*** GIVEN ENTRIES ***

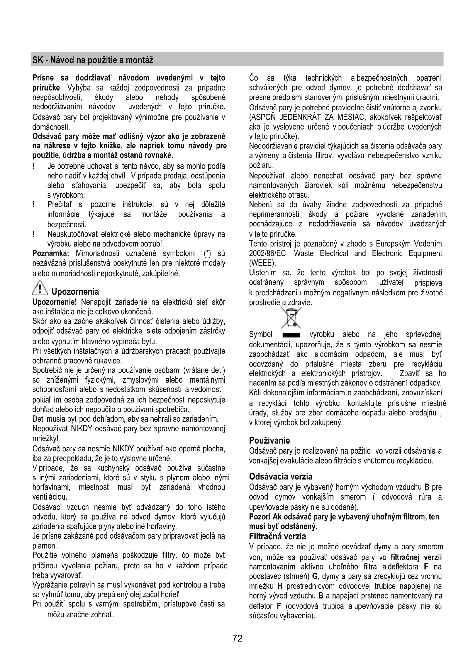 V priade, ze nie je mozné odvadzat dmy a pary smerom von, moze sa pouzivat odsavac pary vo filtračnej verzii namontovanim aktivno uholného filtra a deflektora F na podstavec (strmen) G, dmy a pary sa zrecyklujć cez vrchnu mriežku H prostrednicvom odvodovej trabice napojenej na horný vývod vzduchu B a napajaci prstenec namontovany na defletor F (odvodová trabica aupevnovacie pásky nie su sučastou vyavenia).
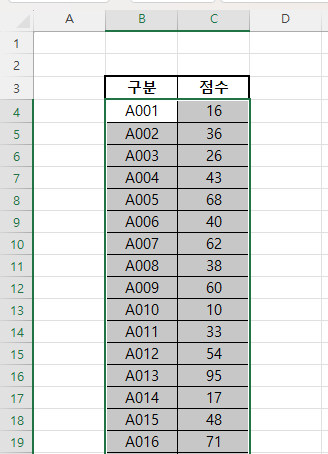 먼저 아래 그림과 같이 조건부 서식을 지정할 셀 범위를 선택합니다.
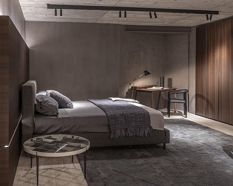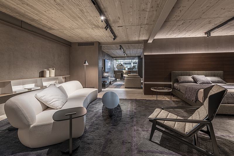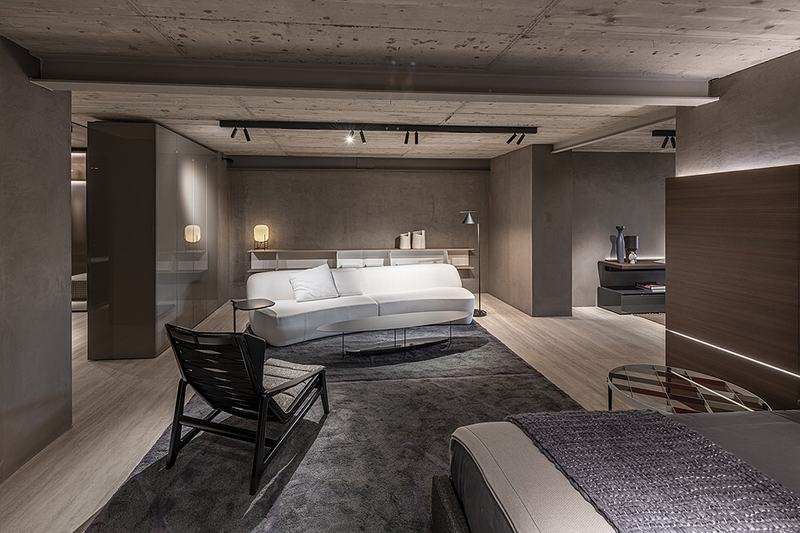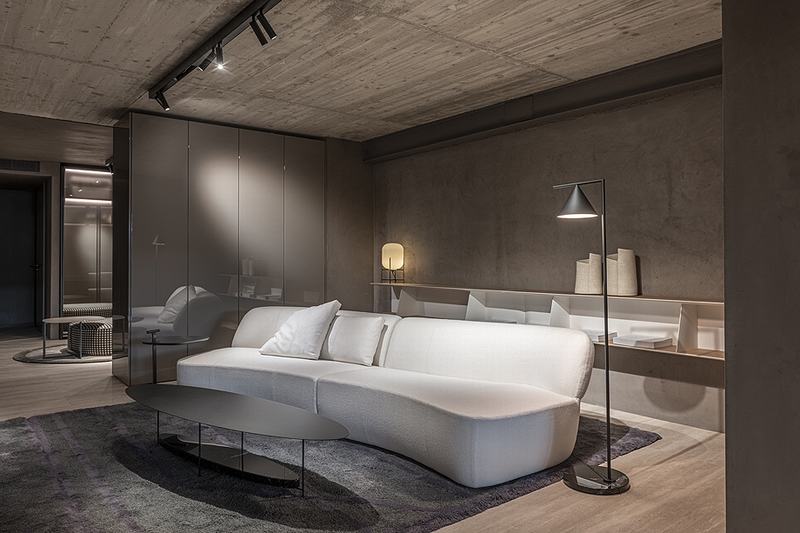 从中央楼梯,你还可以进入较低的楼层,在那里你可以看到帕特里夏·乌尔基奥拉(Patricia Urquiola)、鲁道夫·多尔多尼(Rodolfo Dordoni)、罗恩·吉拉德(Ron Gilad)、尼古拉·加利萨(Nicola Galliza)和范·杜伊森(Van Duysen)等人创作的新系列的设计。Albert的座位系统,由Dante Bonuccelli设计的Pass-Word Evolution系统,建筑师Rodolfo Dordoni设计的盖特威克新餐桌,以及Irving设计的家具,都体现在这个座位环境中,使空间优雅、舒适、流畅。在这个房间之后是一个精致的夜间区域,展示了加拿大人Yabu Pushelberg的沙发Surf, Anton的床和Van Duysen的Gliss Master 7系统,这是一个新的和巧妙的开门机制。
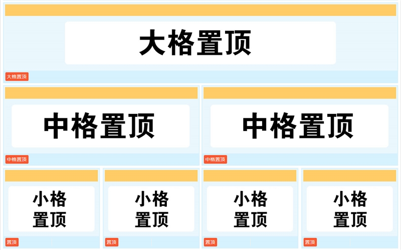大格置顶在前,小格置顶在后。相同大小的置顶信息,先做的在前,后做的在后。
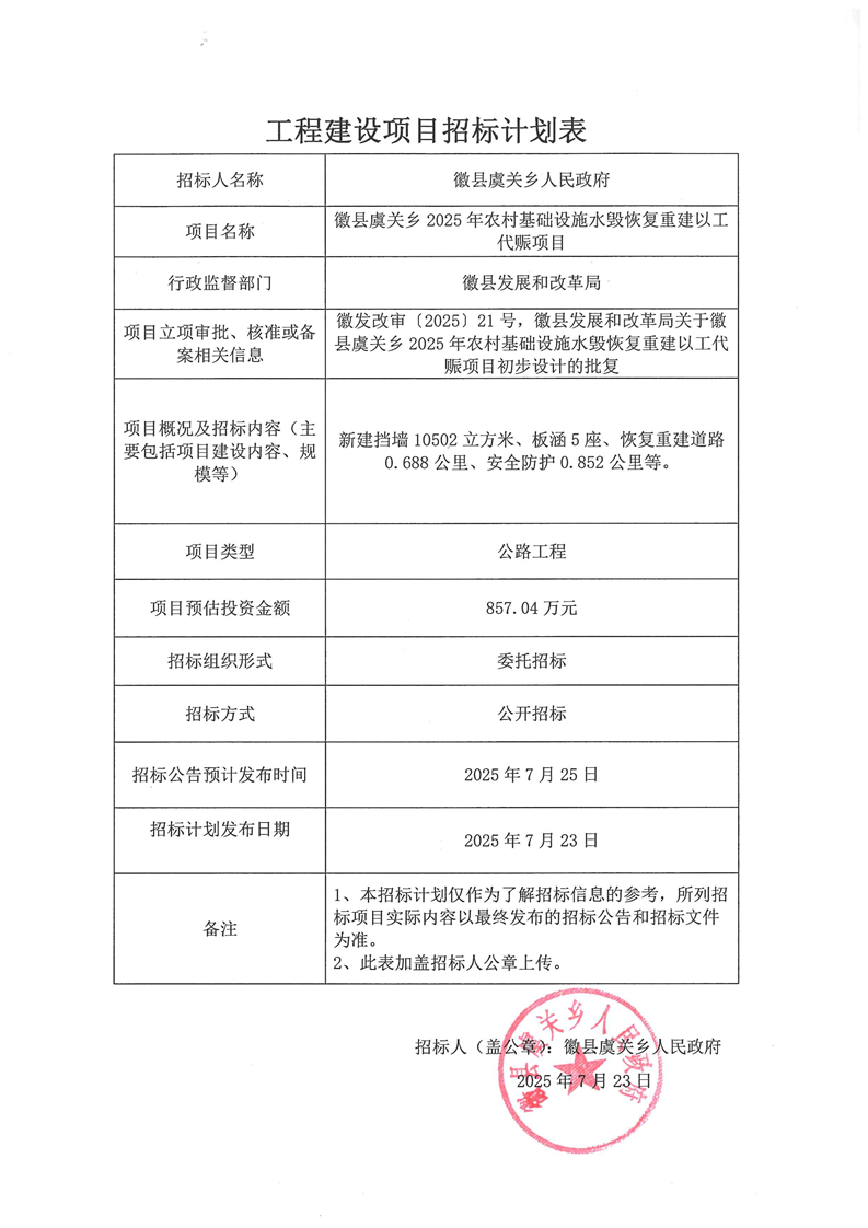 徽縣虞關鄉(xiāng)2025年農村基礎設施水毀恢復重建以工代賑項目

***

### WHAT IS BEING ASKED:
The final stretch of the data, from the line with "먼저 아래 그림과 같이 조건부 서식을 지정할 셀 범위를 선택합니다." through its last line, is to be retyped exactly; pictures are not part of the copy.

### YOUR SOLUTION:
 먼저 아래 그림과 같이 조건부 서식을 지정할 셀 범위를 선택합니다.
 从中央楼梯,你还可以进入较低的楼层,在那里你可以看到帕特里夏·乌尔基奥拉(Patricia Urquiola)、鲁道夫·多尔多尼(Rodolfo Dordoni)、罗恩·吉拉德(Ron Gilad)、尼古拉·加利萨(Nicola Galliza)和范·杜伊森(Van Duysen)等人创作的新系列的设计。Albert的座位系统,由Dante Bonuccelli设计的Pass-Word Evolution系统,建筑师Rodolfo Dordoni设计的盖特威克新餐桌,以及Irving设计的家具,都体现在这个座位环境中,使空间优雅、舒适、流畅。在这个房间之后是一个精致的夜间区域,展示了加拿大人Yabu Pushelberg的沙发Surf, Anton的床和Van Duysen的Gliss Master 7系统,这是一个新的和巧妙的开门机制。
大格置顶在前,小格置顶在后。相同大小的置顶信息,先做的在前,后做的在后。
 徽縣虞關鄉(xiāng)2025年農村基礎設施水毀恢復重建以工代賑項目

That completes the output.